С тех пор как я покинул Биг-Сур десять или двенадцать лет назад, я видел Доунера всего раз или два. В то время, хоть и высоко ценимый своими друзьями, он был мало известен в мире искусства, да это и не имело для него особого значения. Всю свою жизнь он был беден и воспринимал это как часть жизни артиста. Надо сказать, что в то время, о котором я рассказываю, мы оба прозябали в нищете, но из нас двоих Эфраим был гораздо изобретательнее. Когда мы с женой выходили из дома в город, он поджидал нас у бензоколонки возле своего дома.

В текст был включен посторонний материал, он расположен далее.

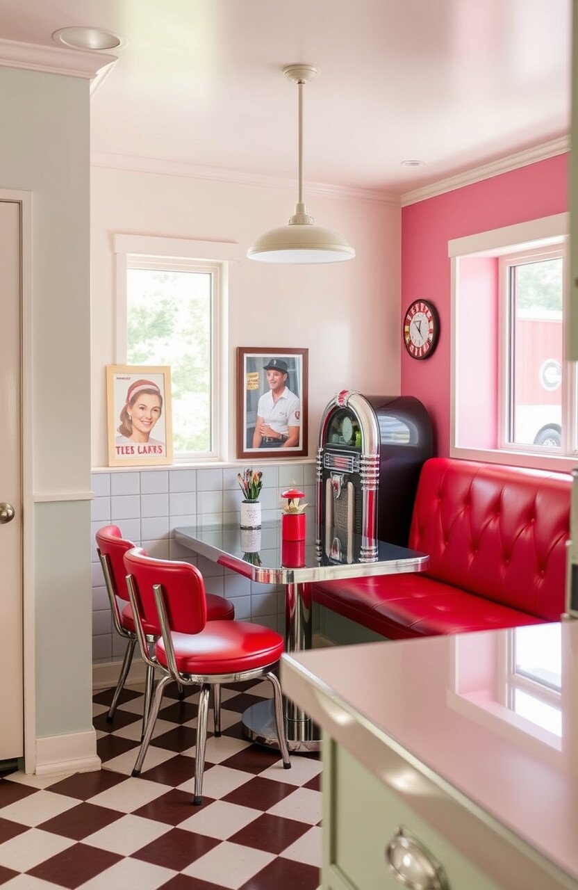 Step back in time with a retro diner nook featuring bright colors and chrome accents. It’s a fun, nostalgic setting.

— Как вы нынче? — спрашивал он. — Если вам нужны деньги, только скажите, я могу занять у кого-нибудь на бензоколонке.
Частенько бывало, что он всовывал мне в руку десятидолларовую бумажку. Сомневаюсь, что у него самого на счету завалялся хоть один цент, но, если ему что-то было нужно, он знал, как это достать. Он буквально «полагался на Божий промысел», а Божий промысел всегда был на его стороне, уж не знаю почему — из-за его удивительного милосердия или искренней веры, сложно сказать.
Я уже употребил слово «феноменальный» по отношению к своему другу. Его живой темперамент, неугасающий энтузиазм и неисчерпаемая энергия снискали ему всеобщую любовь. Эфраим был щедр до абсурдности. Если тебе нравилось что-то в его доме, он тут же отвечал:
— Возьми это. Оно твое.
В этом смысле он никогда не был так беден, как бывают другие, потому что чем больше он отдавал, тем больше получал. А брал он так же просто, как дарил. Бедность была для него знаком праведной жизни. Хотя он мог спорить о мелочах до скончания века, в либеральности ему тоже не откажешь: он понимал красоту и логику других религий. Приверженность к иудаизму не мешала ему быть человеком универсальным, средневековым схоластом — образованным, изощренным, ликующим, обращающимся с молитвой к своему Богу и Господину. Я много чего слышал о благочестии, но видел его на деле только у Эфраима Доунера. Его маленький домишко был прибежищем для тех, кто жадно искал знания и правды.
Он не так уж долго прожил в Кармеле, когда на него обрушился нескончаемый поток посетителей. Они съезжались со всего мира и неизменно бывали приняты по-королевски. Неистощимый Эфраим полностью отдавался гостям, никогда не говорил «извините, сегодня я слишком занят, чтобы повидаться с вами» или «прошу прощения, но у нас нет места для лишнего едока». Он умел обходиться малым. (Хлеб, рыба, вода, превращающаяся в вино…)
Однажды случилось настоящее чудо. Его жена Роза уже много лет была глухой. И вдруг, совершенно случайно, она наткнулась на врача, пообещавшего вернуть ей слух и сдержавшего свое обещание. Никогда не забуду, как она радовалась, что снова слышит, как поют птицы. Поскольку я и сам глуховат, то знаю, как это отрадно — слышать их чириканье в листве.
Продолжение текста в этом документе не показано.